Learn practical skills, build real-world projects, and advance your career

Analyzing Tabular Data using Python and Pandas

Part 7 of "Data Analysis with Python: Zero to Pandas"

This tutorial is the seventh in a series on introduction to programming and data analysis using the Python language. These tutorials take a practical coding-based approach, and the best way to learn the material is to execute the code and experiment with the examples. Check out the full series here:

  1. First Steps with Python and Jupyter
  2. A Quick Tour of Variables and Data Types
  3. Branching using Conditional Statements and Loops
  4. Writing Reusable Code Using Functions
  5. Reading from and Writing to Files
  6. Numerical Computing with Python and Numpy
  7. Analyzing Tabular Data using Pandas

Reading a CSV file using Pandas

Pandas is typically used for working in tabular data (simliar to the data stored in a spreadsheet). Pandas provides helper functions to read data from various file formates like CSV, Excel spreadsheets, HTML tables, JSON, SQL and more. Let's download a file italy-covid-daywise.txt which contains daywise Covid-19 data for Italy in the following format:

date,new_cases,new_deaths,new_tests
2020-04-21,2256.0,454.0,28095.0
2020-04-22,2729.0,534.0,44248.0
2020-04-23,3370.0,437.0,37083.0
2020-04-24,2646.0,464.0,95273.0
2020-04-25,3021.0,420.0,38676.0
2020-04-26,2357.0,415.0,24113.0
2020-04-27,2324.0,260.0,26678.0
2020-04-28,1739.0,333.0,37554.0
...

This format of storing data is known as comma separated values or CSV.

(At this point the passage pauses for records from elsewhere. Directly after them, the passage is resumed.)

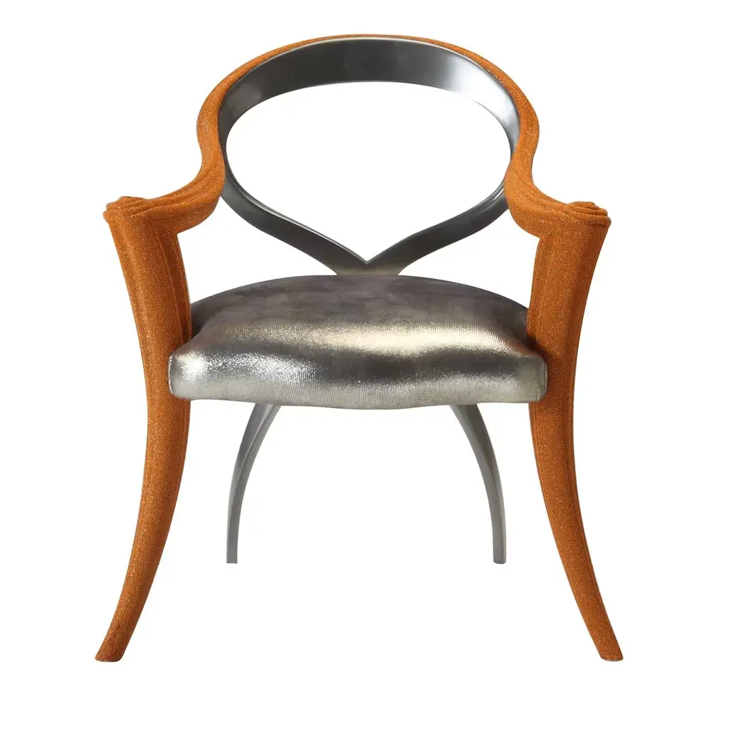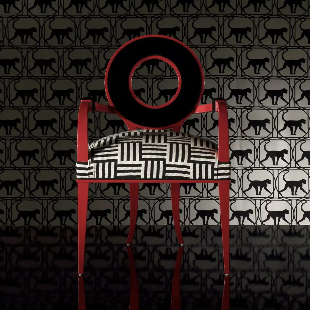 Designed by Giannella Ventura, this stunning armchair features strong lacquered colors and graphic fabric that highlight its timeless elegance. The soft lines of the wood frame with curved armrests, flared and tapered legs and round backrest are highlighted by the lacquered vivid red color while adding comfort and elegance. Completed by a refined upholstery in Alhambra fabric with black and white geometric lines, this armchair will be a stand-out addition to a modern dining room decor, and a perfect accent piece in an entryway, bedroom or living room.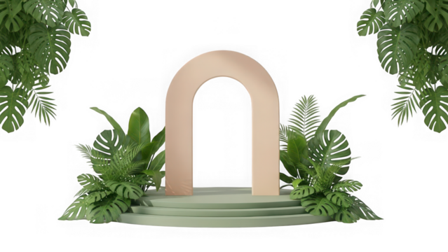 Tropical leaves and beige arch on green podium isolated on transparent background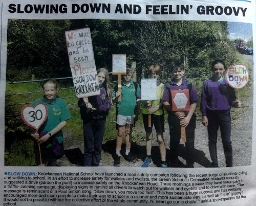 From 97% travelling by car down to 56% was something to celebrate. The Green Schools Committee recognised the importance of their campaign to keep the children of our school safe on the road to Knockanean.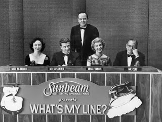 Lately the GSN has been showing old black-and-white episodes of I’VE GOT A SECRET and WHAT’S MY LINE? in the middle of the night. (I think contractually they have to play them for so many days a year.) These were old musty game shows from the ‘50s and ‘60s. By today’s standard they are positively archaic. A panel of four personalities must guess the contestants’ job or secret. That's it. There was zero production value and if a contestant stumped the panel they won the whopping sum of $50. The shows were aired live (for the east coast anyway). Today they're great fun to watch.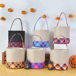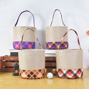 クロスボーダーハロウィンイミテーションリネングリッド収納バスケット面白いショッピングモールパラダイス屋内屋外装飾小道具と装飾品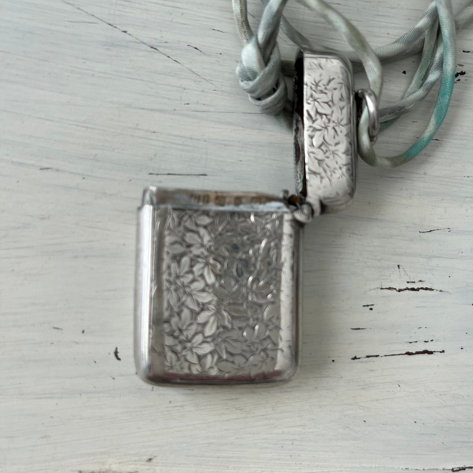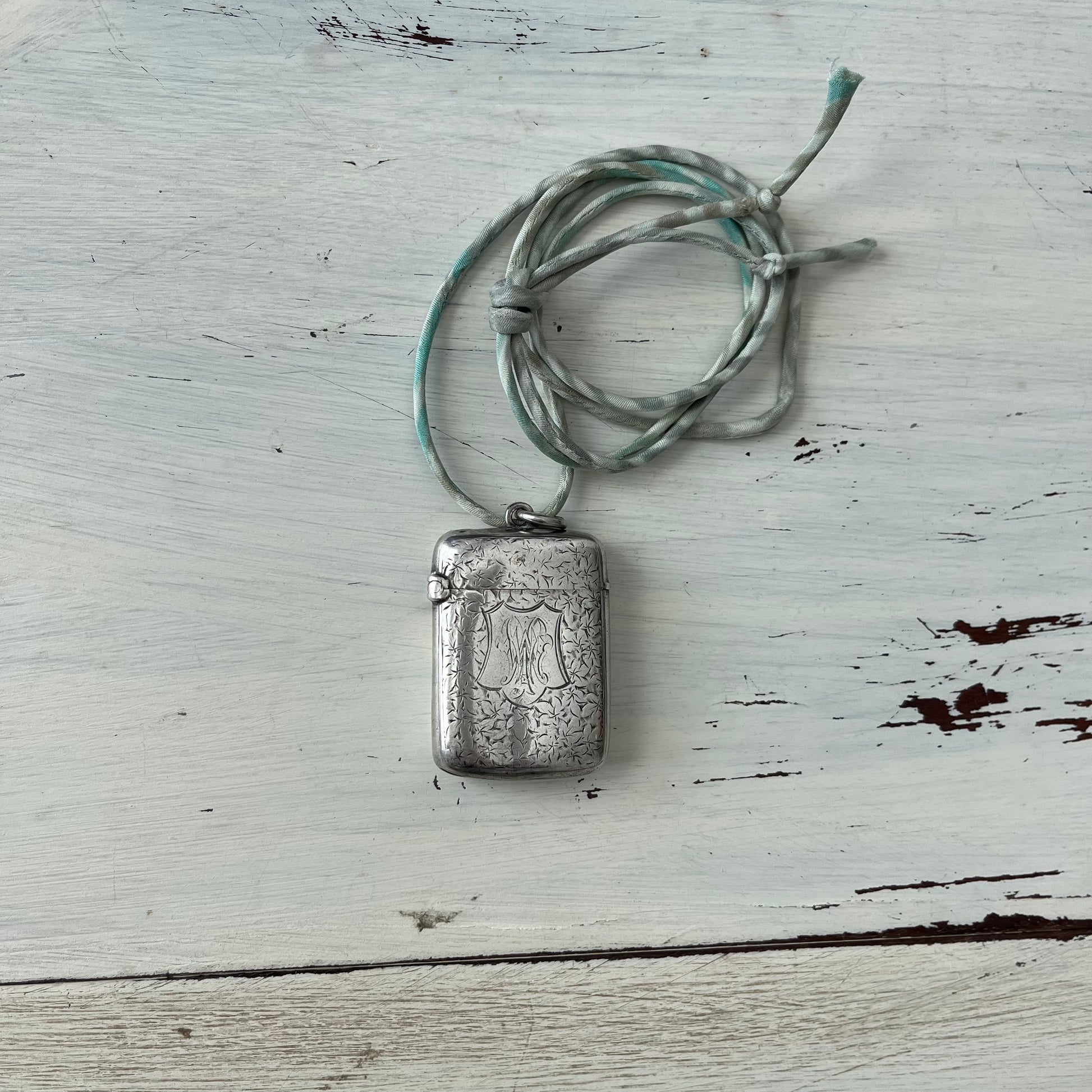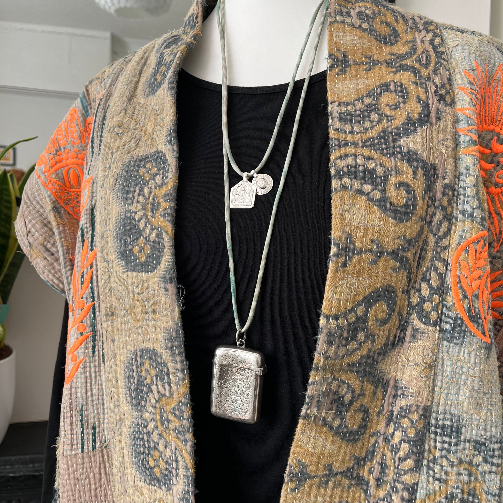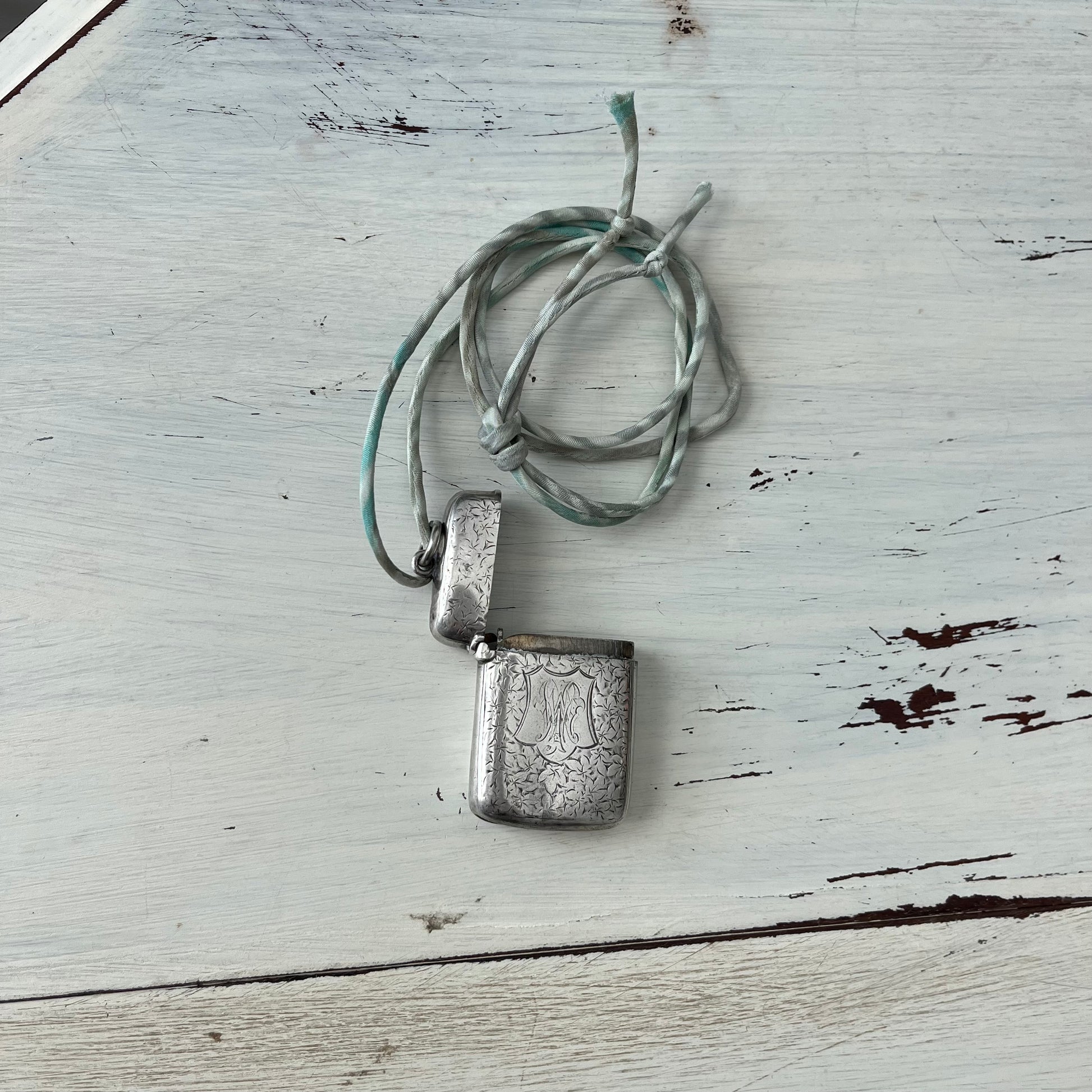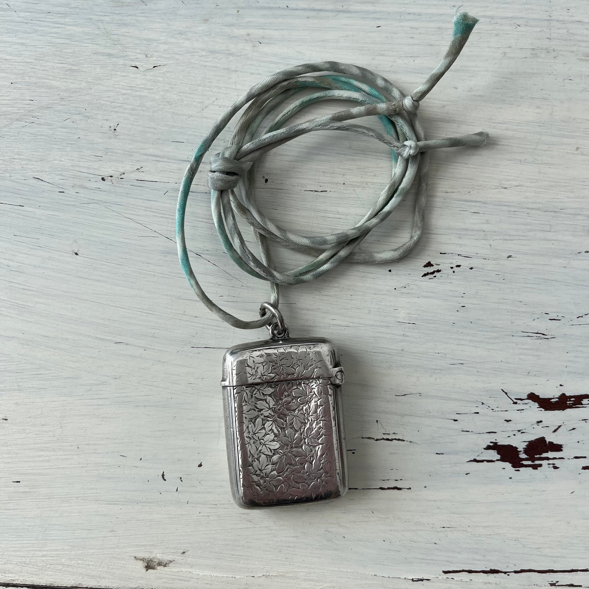 These cute little pendants are vesta cases from the Victorian era. They were used to hold matches back then, so each has a flip-top lid.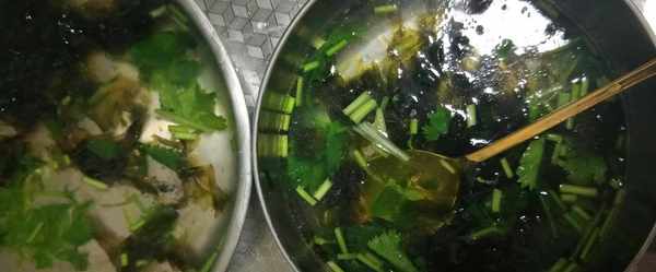 5,鍋中燒水,順便準備湯料:適量香菜切成小段,碗中加入適量紫菜、鹽、香油、切好的香菜和雞精,加入適量的開水就好瞭。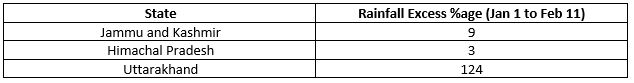 सर्दियों में चारों पर्वतीय क्षेत्रों में जम्मू कश्मीर में सबसे अधिक बारिश होती है। हिमाचल प्रदेश दूसरे स्थान पर जबकि उत्तराखंड तीसरे स्थान पर आता है। नीचे दिए गए टेबल में 1 जनवरी से 11 फरवरी के बीच रिकॉर्ड की गई बारिश का आंकड़ा देखा जा सकता है।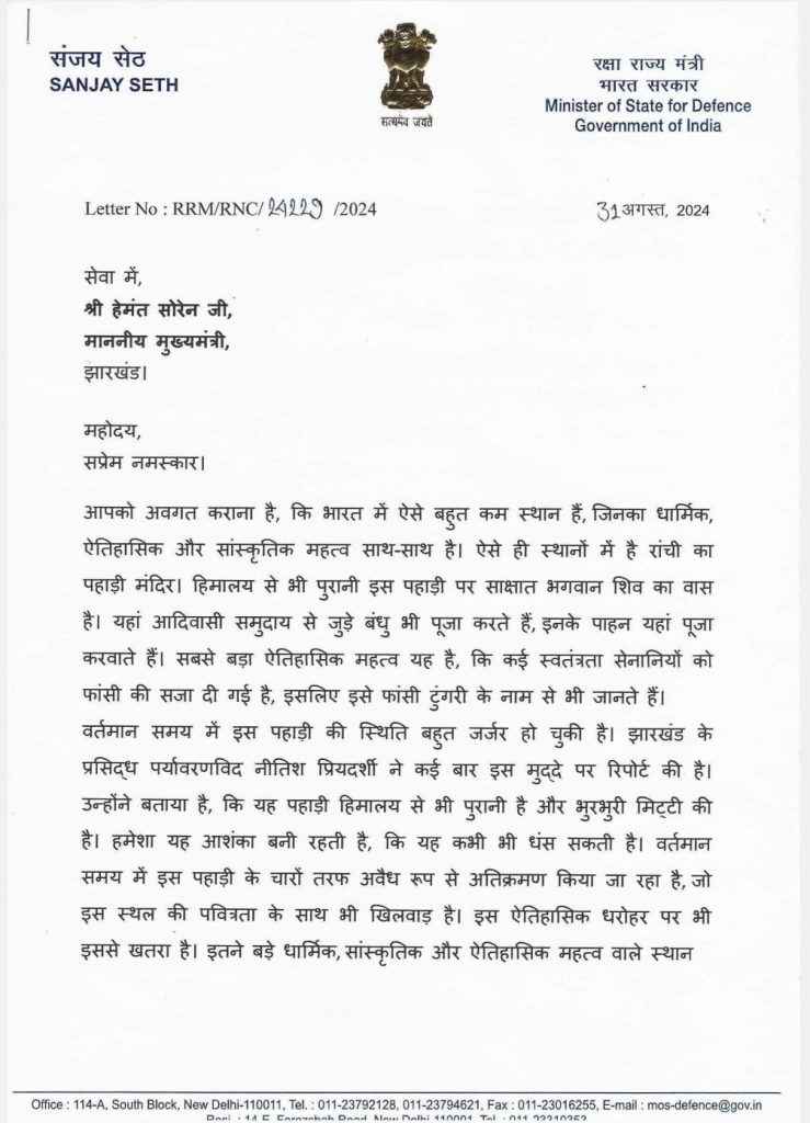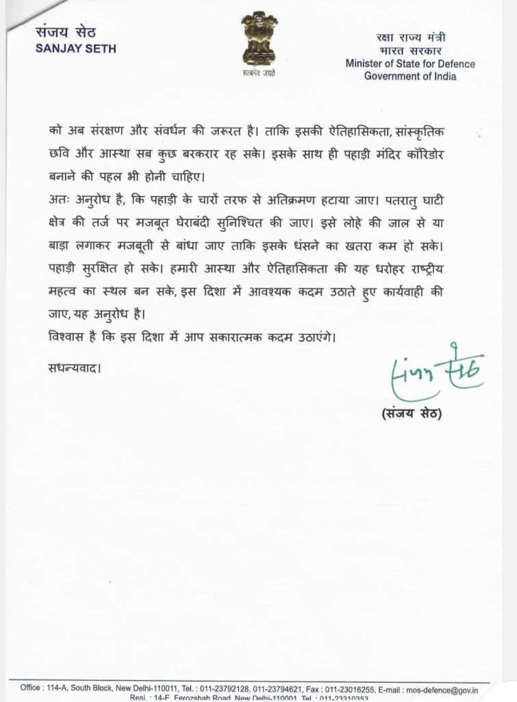 पहाड़ी मंदिर को लेकर सीएम को संजय सेठ ने लिखा पत्र,कहा ”इसे अतिक्रमण मुक्त कराया जाए…धंसने की आशंका बनी रहती है”

CSVs: A comma-separated values (CSV) file is a delimited text file that uses a comma to separate values. Each line of the file is a data record. Each record consists of one or more fields, separated by commas. A CSV file typically stores tabular data (numbers and text) in plain text, in which case each line will have the same number of fields. (Wikipedia)

We'll download this file using the urlretrieve function from the urllib.request module.

from urllib.request import urlretrieve
urlretrieve('https://hub.jovian.ml/wp-content/uploads/2020/09/italy-covid-daywise.csv', 
            'italy-covid-daywise.csv')
('italy-covid-daywise.csv', <http.client.HTTPMessage at 0x2d688f740c8>)

To read the file, we can use the read_csv method from Pandas. Let's being by importing the Pandas library. It is typically imported with the alias pd.